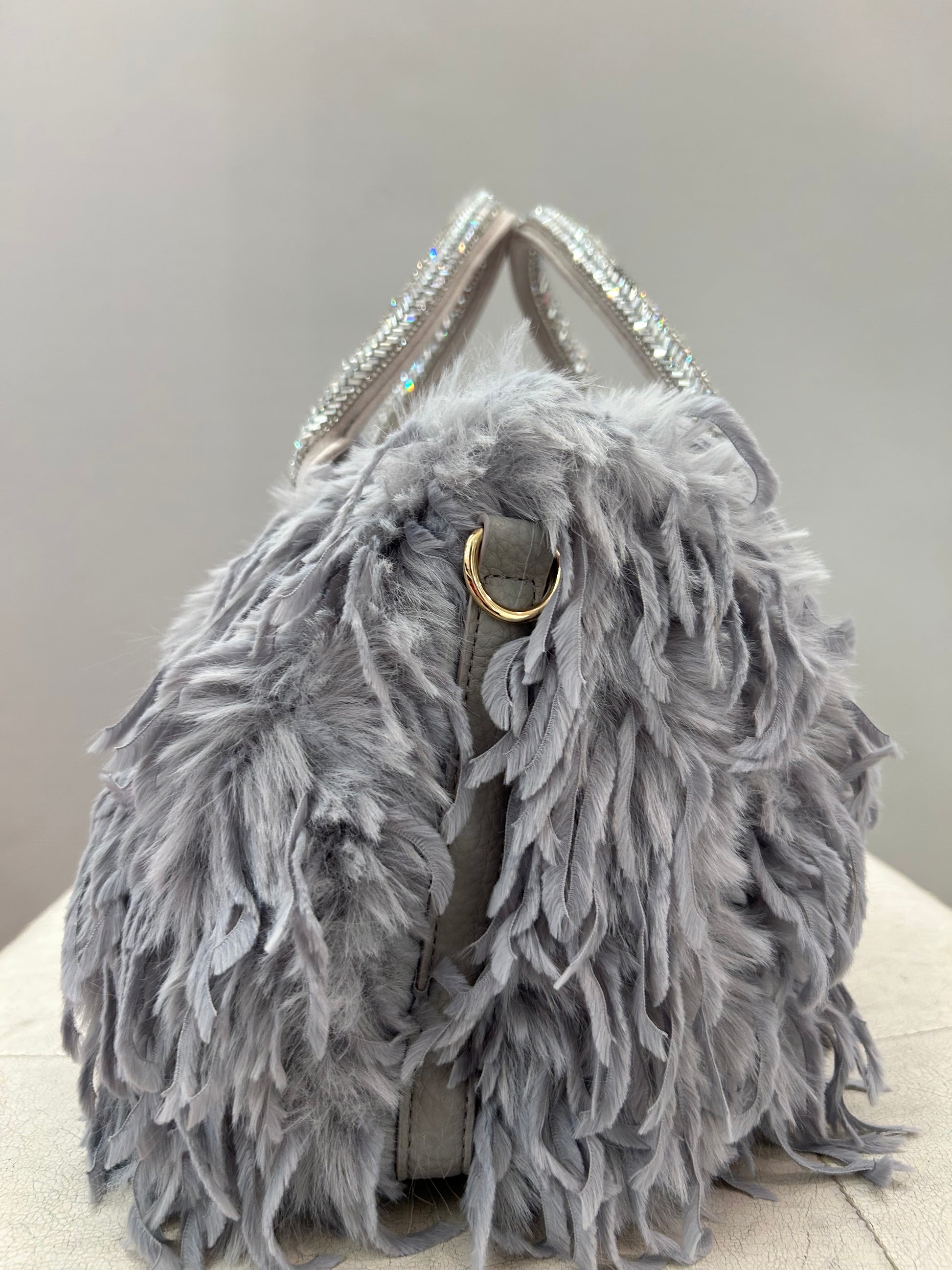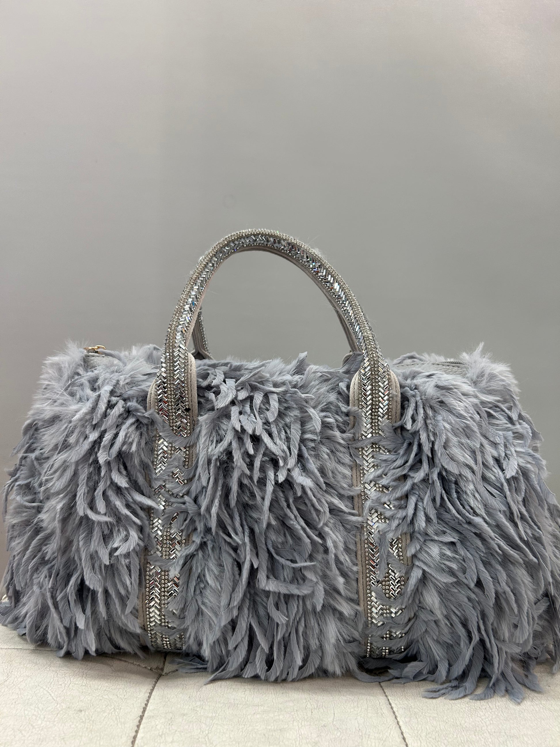 Bauletto color Celeste con Pelo e Strass, Versione MEDIUM.
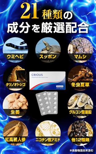 また、オットセイやウミヘビなどの伝統的な滋養強壮素材を含む20種以上の成分配合で、単一成分に頼らない総合的な健康サポートを志向しています。
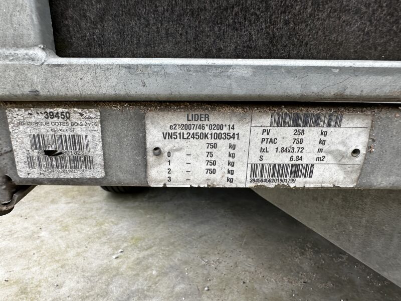 2 ESSIEUX PTAC : 750 KG / PV : 258 KG FIV AVEC NO DE FORMULE
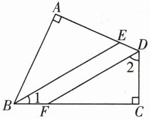 (2)在三角形 FCD 中,$\because ∠C=90^{\circ },\therefore ∠DFC+∠2=90^{\circ }$.又$\because ∠1+∠2=90^{\circ },\therefore ∠1=∠DFC,\therefore BE// DF.$
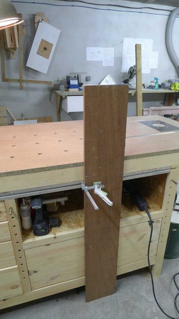 Enfin le nouveau plateau est plus grand , j’utilise le porte à faux pour fixer ma défonceuse sous table et mon gabarit à tenon et mortaise.
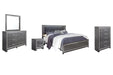 | Details | B214-46: Made of engineered wood (MDF/particleboard) and decorative laminate, Gray finish with replicated wood grain, Faceted chrome-tone pulls and accents, 5 smooth-operating drawers, Drawer interiors are lined with a faux linen laminate for a clean, finished look, Safety is a top priority, clothing storage units are designed to meet the most current standard for stability, ASTM F 2057 (ASTM International), Drawers extend out to accommodate maximum access to drawer interior while maintaining safety, B214-92: Made of engineered wood (MDF/particleboard) and decorative laminate, Gray finish with replicated wood grain, Faceted chrome-tone pulls and accents, 2 smooth-operating drawers, Drawer interiors are lined with a faux linen laminate for a clean, finished look, USB and wireless charging options, Power cord included; UL Listed, Assembly required, B214B1: Made of engineered wood (MDF/particleboard) and decorative laminate, Gray finish with replicated wood grain, Faceted chrome-tone pulls and accents, 6 smooth-operating drawers, Drawers lined with faux linen laminate, Mirror attaches to back of dresser, Includes tipover restraint device, Assembly required, B214B10: Includes headboard, footboard and side rails, Made of engineered wood (MDF/particleboard) and decorative laminate, Gray finish with replicated wood grain, Faux leather upholstery, Faux crystal and faceted chrome-tone metal accents, Accent LED lights with remote to control color and brightness, Power cord included; UL Listed, Foundation/box spring required, sold separately, Mattress available, sold separately, Assembly required, Bed is compatible with an adjustable base, | |
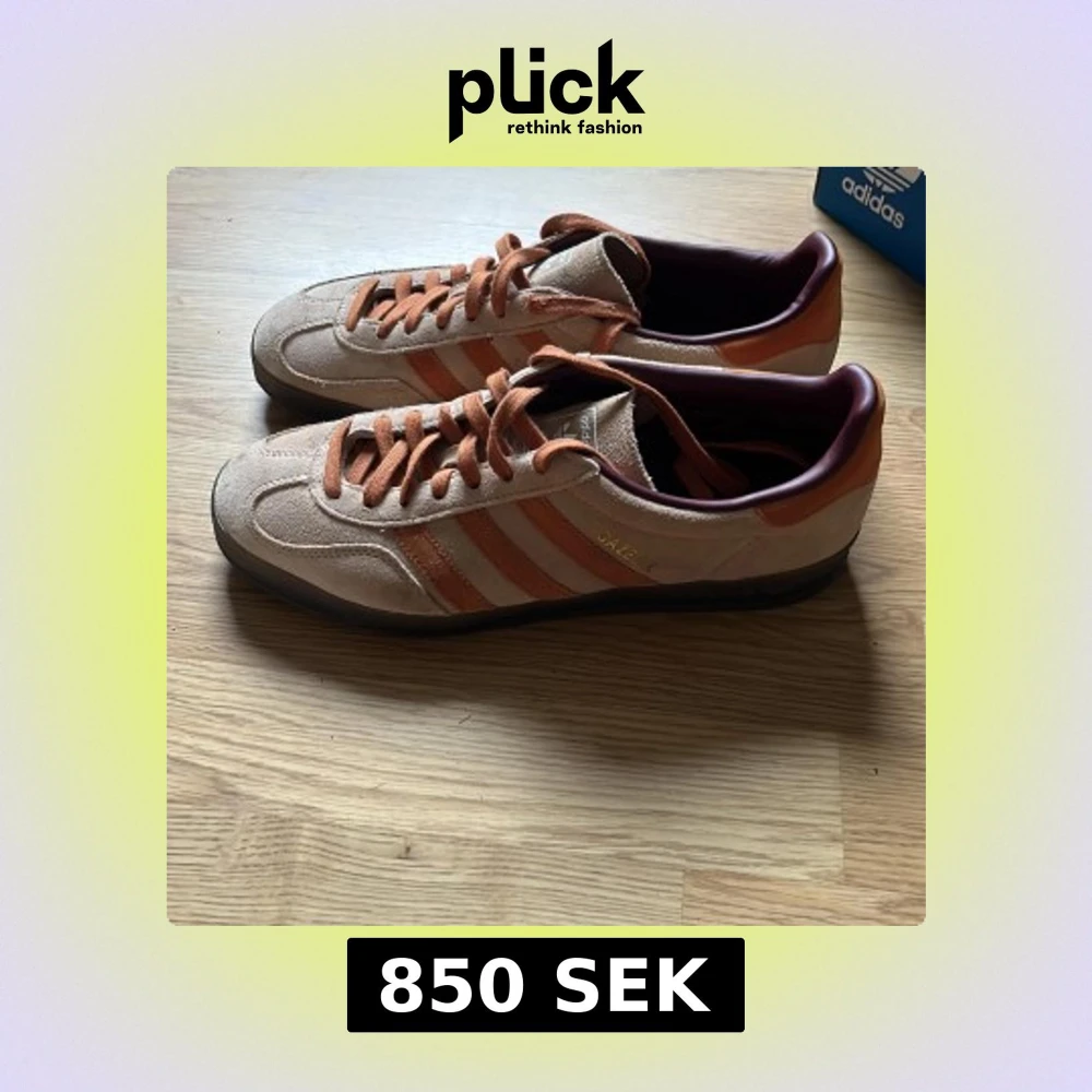 Säljer ett par Adidas Gazelle sneakers i beige mocka med orangea ränder och snörning. Skorna har en klassisk låg profil, rund tå och gummisula med mönster. Insidan är fodrad i mörkare vinröd ton. Perfekt för dig som gillar retrostil och snygga färgkombinationer. Några fläckar på något ställe men annars helt felfria
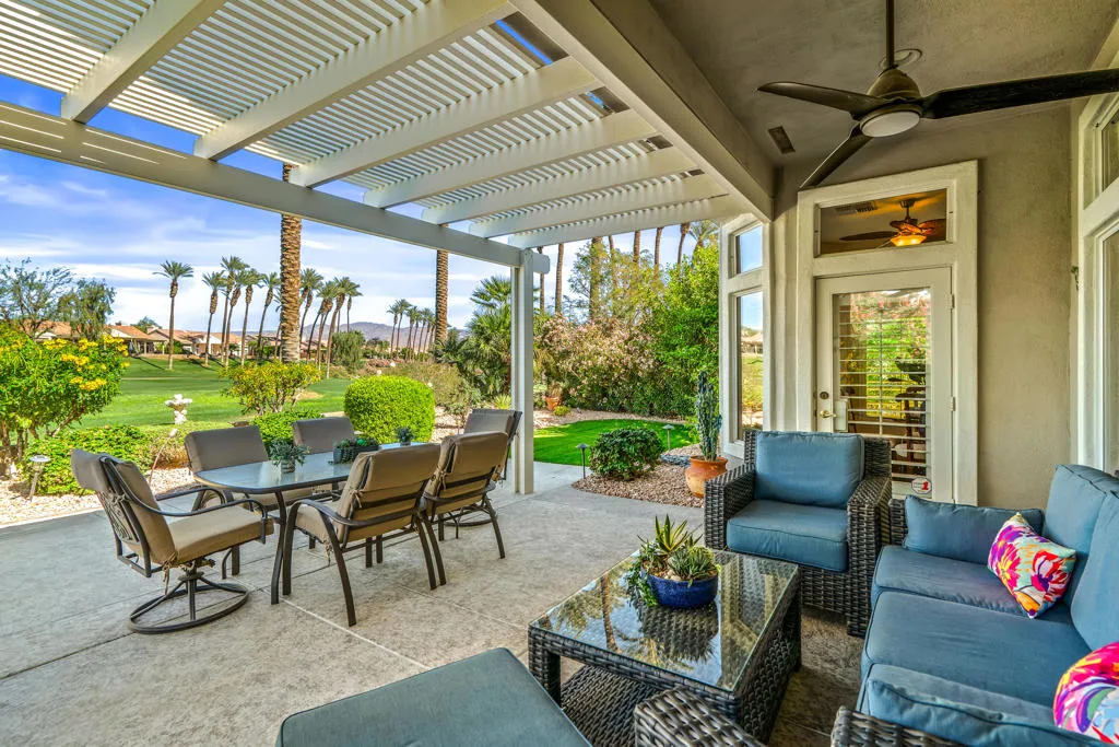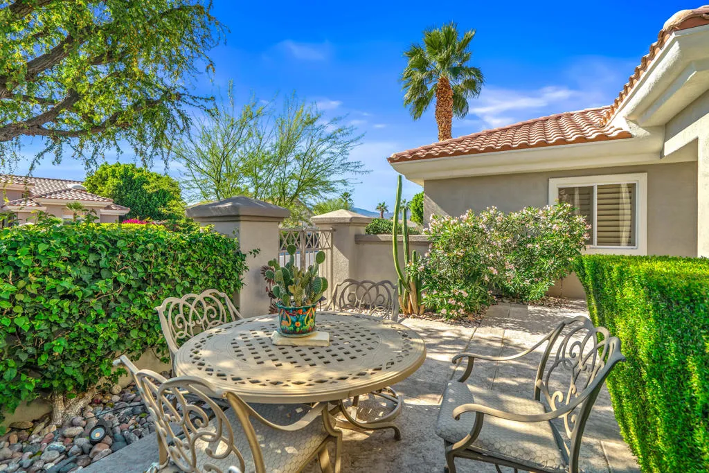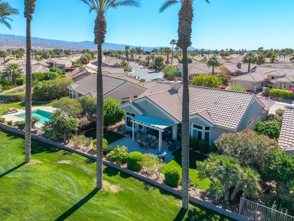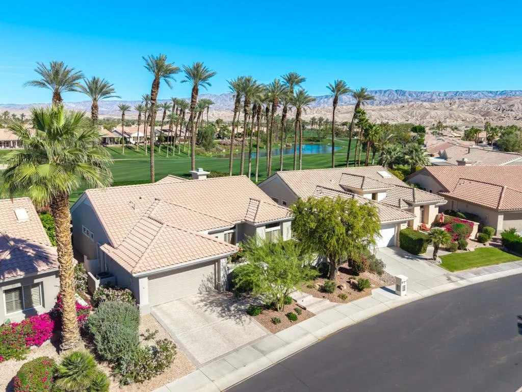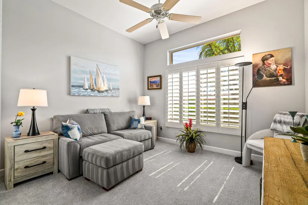 Welcome to this beautifully designed home in the community of Sun City Palm Desert, featuring a gated courtyard entry and stunning views of the Santa Rosa course from most rooms and the backyard. This home blends comfort, style, and numerous upgrades throughout.The remodeled kitchen showcases quartzite (natural stone) countertops, soft-close cabinets, transom windows, recessed and pendant lighting, a breakfast bar, and a double pantry. Luxury plank flooring runs throughout the main living areas, complemented by plantation shutters, ceiling fans, and a cozy gas fireplace in the living room.The well-designed floor plan offers privacy, with the guest bedroom and upgraded full guest bath located away from the primary suite. Double doors lead to a versatile den/office or optional third guest space. The primary suite features quartz countertops, a walk-in closet, and golf course views.Additional highlights include custom hallway storage with built-in shelving and cabinets, and a laundry room with cabinetry and a utility sink. The garage is complete with a golf cart nook, mini-split system, 240V line for EV charging, added outlets, and extra storage.Enjoy outdoor living with an extended Alumawood patio cover, motorized drop shades, a grassy area, and a concrete overlay overlooking fairway, mountains, and lake views.Most furnishings are available for purchase outside of escrow.
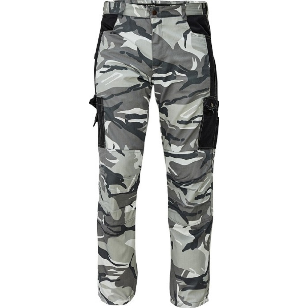 Kalhoty CRAMBE šedé camouflage, pánské do pasu, 190g/m2 - pánské kalhoty z lehkého T/C twillu 190 g/m2 - 2 zadní nakládané kapsy - 2 boční kapsy a 2 multifunkční kargo kapsy - zesílená část kolen - skvěle paadnoucí střih - praktický maskáčový vzor - materiál: 65% polyester, 35% bavlna - velikosti: S, M, L, XL, XXL, 3XL - barva: šedá cemouflage GS
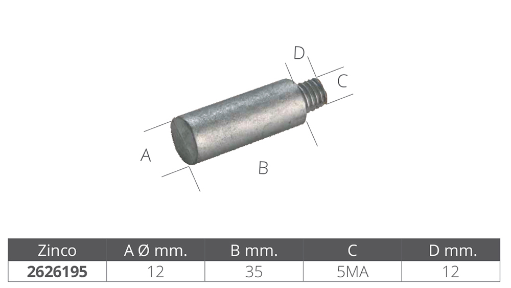 Anode en zinc pour ligne d'arbre d'hélice Riva
********************
All lines from the one that contains "Kalhoty CRAMBE šedé" through the last line of the data should be retyped exactly, with the pictures left out.

 Kalhoty CRAMBE šedé camouflage, pánské do pasu, 190g/m2 - pánské kalhoty z lehkého T/C twillu 190 g/m2 - 2 zadní nakládané kapsy - 2 boční kapsy a 2 multifunkční kargo kapsy - zesílená část kolen - skvěle paadnoucí střih - praktický maskáčový vzor - materiál: 65% polyester, 35% bavlna - velikosti: S, M, L, XL, XXL, 3XL - barva: šedá cemouflage GS
 Anode en zinc pour ligne d'arbre d'hélice Riva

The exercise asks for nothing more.